Friday, June 1, 2012

Happy and Glorious



This weekend the United Kingdom will celebrate the 60 year jubilee of Queen Elizabeth II. The celebrations will rise above the pettiness of old scandals associated with the Royal family, not to mention the constant speculation about when William and Kate are going to breed.  This is a time to remember how much the country has changed since 1952 – and how much in other ways it has stayed the same. There will be street parties around the land just as there were on Coronation Day and the same immaculate pageantry will remind the world that this elderly lady is the symbol of Britain’s long sweep of history since Alfred the Great. Plus ça change, plus c'est la même chose.

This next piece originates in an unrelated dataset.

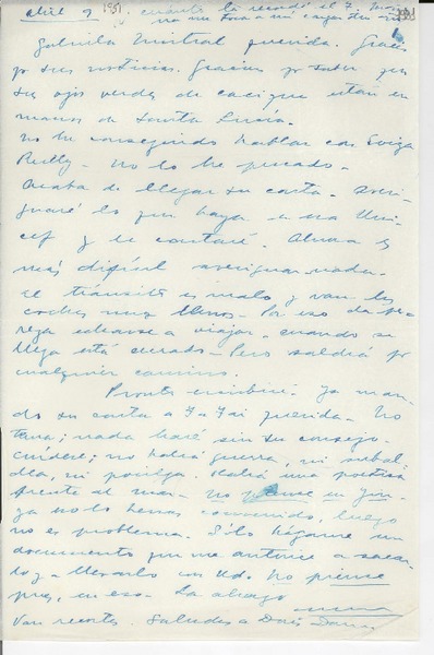 [Carta] 1945 abr. 7 [a] [Gabriela Mistral] [manuscrito] Martha [Salotti].

Here on Midatlantic, I mark the occasion by posting this lovely drawing by Norman Hartnell of the Queen’s Coronation dress. The gown incorporated the symbols not only of England, Scotland, Wales and Northern Ireland (the rose, the thistle, the leek and the shamrock) but the symbols of the Dominions – as they were then called. It included the Canadian maple leaf, the Australian wattle, the New Zealand silver fern, and the South African protea as well as the lotus flower for India and Ceylon (now Sri Lanka) and wheat sheaves, cotton, and jute for Pakistan.

And I draw your attention to this short but very beautiful anthem – O Taste and See, a setting of Psalm 34 – written for the 1953 Coronation by that most British of composers, Ralph Vaughan Williams. I defy you to listen to it and not think of the antiquity of Albion epitomized by that little old lady in the crown.